What the exercise asks: In your copy of the data, omit the pictures and keep all else exactly as given.

Data segment:
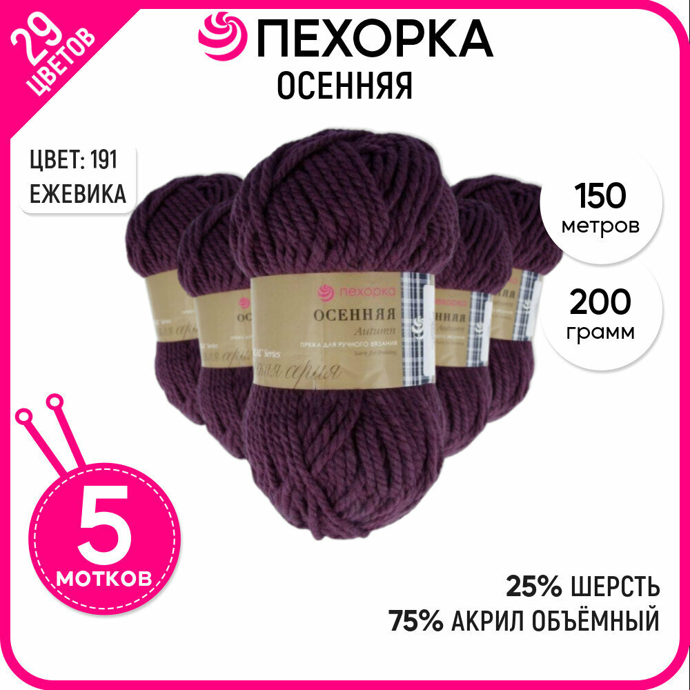 Купить Пряжа для вязания Пехорка 'Осенняя' 200г, 150м (25% шерсть, 75% акрил) (191 ежевика), 5 мотков
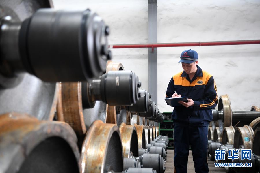 2月5日,重庆西车辆段轮轴装修工在进行新轮轴信息采集。新华社记者 唐奕 摄
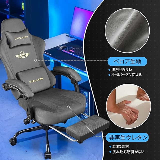 商品名:GTPLAYER ゲーミングチェア なめらかなベロア デスクチェア オフィスチェア あぐら 椅子 ゲーム用チェア リクライニング ハイバック テレワーク椅子 PCチェア フットレスト 連動アームレスト ポケットコイル 座面の幅 50cm 四季適用 在宅ワーク 通気性 GT829-LIGHTGRAY

Solution to this exercise:
 Купить Пряжа для вязания Пехорка 'Осенняя' 200г, 150м (25% шерсть, 75% акрил) (191 ежевика), 5 мотков
 2月5日,重庆西车辆段轮轴装修工在进行新轮轴信息采集。新华社记者 唐奕 摄
 商品名:GTPLAYER ゲーミングチェア なめらかなベロア デスクチェア オフィスチェア あぐら 椅子 ゲーム用チェア リクライニング ハイバック テレワーク椅子 PCチェア フットレスト 連動アームレスト ポケットコイル 座面の幅 50cm 四季適用 在宅ワーク 通気性 GT829-LIGHTGRAY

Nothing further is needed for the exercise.